Which model should 12 gb desktop vram class start with?

Run the benchmark first, then start with the lightest model that still matches the resulting hardware band.

Why benchmark if this page already gives a tier?

Because reference device, GPU, and laptop pages still compress a wide range of real machines. The benchmark keeps the answer specific before you download the wrong model.

GPU cohort

What local AI can I run on an RTX 4070 Super desktop GPU?

Q: What local AI can I run on an RTX 4070 Super desktop GPU?

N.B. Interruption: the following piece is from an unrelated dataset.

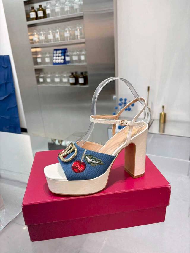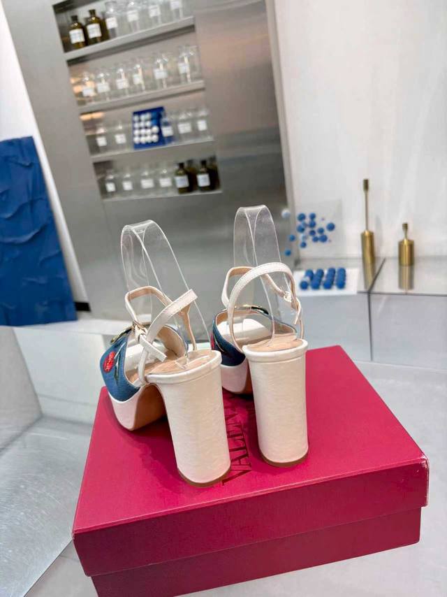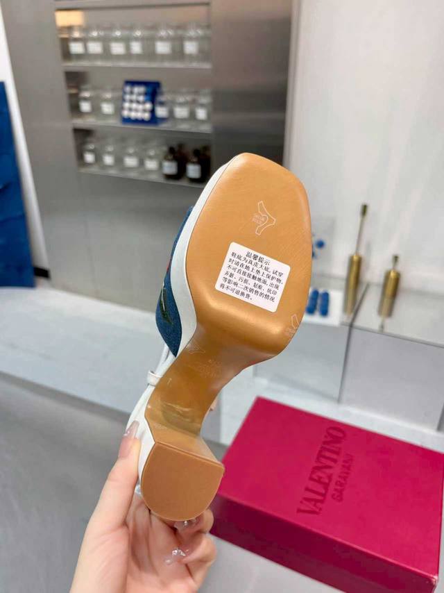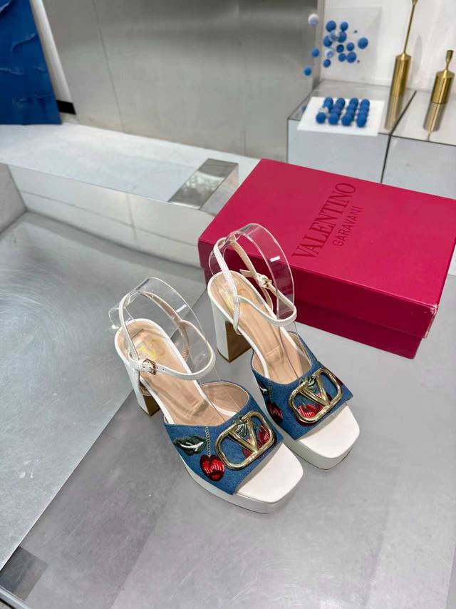 工厂P 顶级代购版本 Valentno 华伦新秀款! 2025Ss最新金属Logo 坡跟高水台凉鞋!原版购入1:1顶级复刻!精致的楦型设计,侧身弧线完美!完美电绣工艺 精选意大利进口A级真皮大底,带给您正品级的脚感!供高端客户代购首选 材质 鞋面:原版进口牛皮+牛仔布 内里:原版进口羊皮 大底:原版开模进口真皮大底 水台高 前 3Cm 后 11Cm 码数 35-41码 41-42定做 包装 配置原版包装

GPU cohort currently maps to a 70B local-model target. The benchmark is still the fastest way to verify whether the exact machine clears that band.

Desktop builders who want a practical large-model answer before choosing the rest of the machine. This page gives the short local-AI answer for the search query, then routes uncertain cases into the benchmark before the recommendation turns into guesswork.

gpu cohort12 GB desktop VRAM class

starter modelBenchmark first

tier guide70B

publish waveWeek 1

benchmark first

Verify this class before you trust the reference answer.

It is an attractive local-AI card, but the benchmark still turns the parts-list assumption into a browser-tested answer. The benchmark is what turns this cohort answer into a machine-specific decision before you spend time downloading models that do not fit.

Benchmark this device Compare known machines

starter models

Best first models for this cohort

why this page ranks

Query evidence and benchmark path

Organic traffic signal: High demand for the query cluster around “rtx 4070 super local ai”.
Search intent review: GPU cohort searches are high intent when the page explains model size, memory headroom, and when to benchmark anyway.
Benchmark completion potential: High. These searches are close enough to a hardware decision that a benchmark CTA consistently belongs above the fold.

runtime paths

Pick the runtime after you confirm the hardware band

The benchmark decides the size band first. The runtime pages then tell you which download path is the cleanest first move inside Ollama, LM Studio, or llama.cpp.

P0Static

Runtime page

Best local models for Ollama

Search intent: ollama best model

Best for the quickest path from benchmark result to a real local run.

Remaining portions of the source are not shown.